World Citizen: Turkey Feels the Heat From Baghdad-Kurdish Tensions

World Citizen: Turkey Feels the Heat From Baghdad-Kurdish Tensions

There is practically no space left on the Middle East’s geopolitical plate for another conflict. Like it or not, however, the long-simmering animosity between Iraq’s central government and the country’s Kurdish minority is reaching a boiling point. The conflict has recently heated up dangerously, and it shows no sign of cooling down.

Like so many other crises in the region, the tensions between Iraq’s Arabs and its Kurdish population find echoes in the complicated political realities of neighboring countries. Syria, home to a large Kurdish minority, is engulfed by an all-out civil war. Meanwhile, Turkey is grappling with its own Kurdish problem while bracing itself for the fallout from Syria. The potential consequences of what happens in northern Iraq could be far-reaching.

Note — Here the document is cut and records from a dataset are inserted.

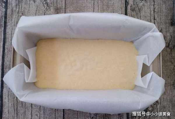 12、將打好氣的面團倒入長方形。(我鋪瞭油紙,你也可以塗油以免粘)
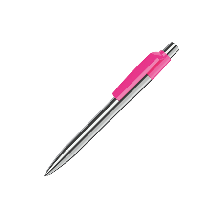 Maxema balpen MOOD METAL MD1 M M1 met metalen chroomkleurige houder, puntstuk en drukker, met glanzende gekleurde clip. Voorzien van Parker vulling met blauwe Dokumental inkt voor tot 4.000 meter schrijfplezier. Clips leverbaar in maar liefsts 23 kleuren.
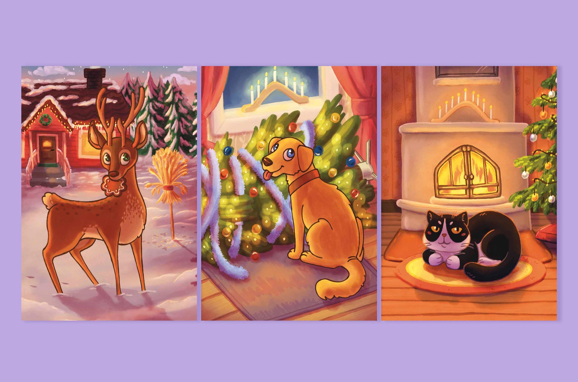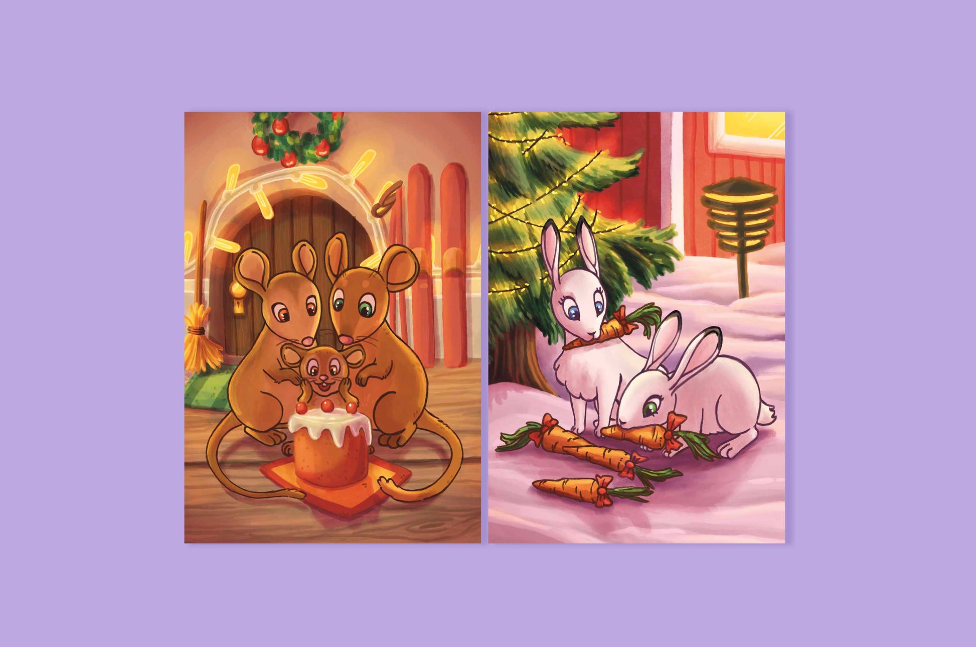 Postikorttisetti sisältää 5 erilaista jouluteemaista korttia. Kortin toisella puolella on viivoitus lähettämistä varten. Korteissa ei ole toivotustekstejä, joten voit itse kirjoittaa joulun toivotukset halutessaan tai käyttää kortteja muuhun tarkoitukseen.
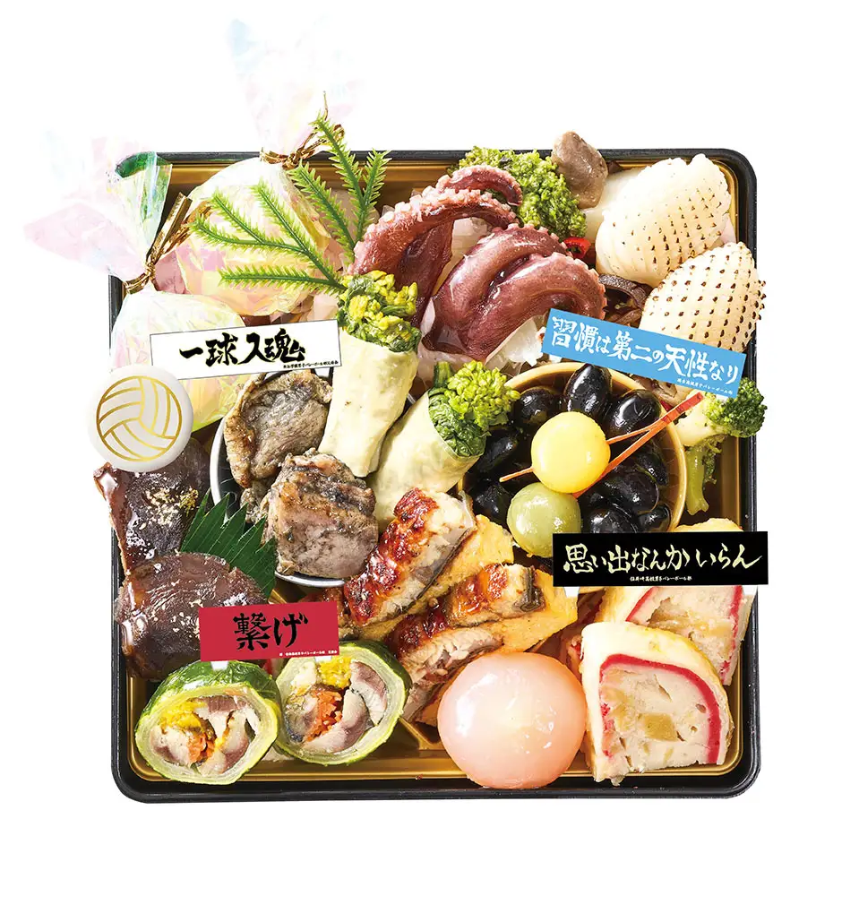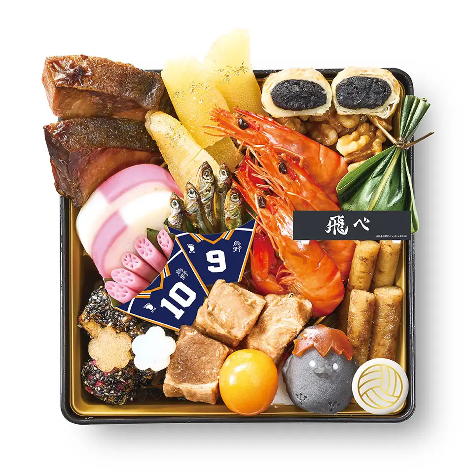 這款「排球少年!! 御節年菜2026」是官方首次推出的年菜組合,以動畫中各大學校為主題設計。與百年御節老店「山福」聯名合作,特別設計成三層美味年菜,完美融合日、洋、中式料理,並依據各校特色與角色形象進行菜色設計。

Amid the fighting in Syria, the Kurds in that country have already obtained a measure of autonomy. As the world’s largest minority without a state of its own, the Kurds have long had visions of one day coming together under their own national flag, even if they have accepted other arrangements, notably in Iraq. In countries with large Kurdish populations, however, the central governments have historically worried about Kurdish dreams of independence and continue to do so.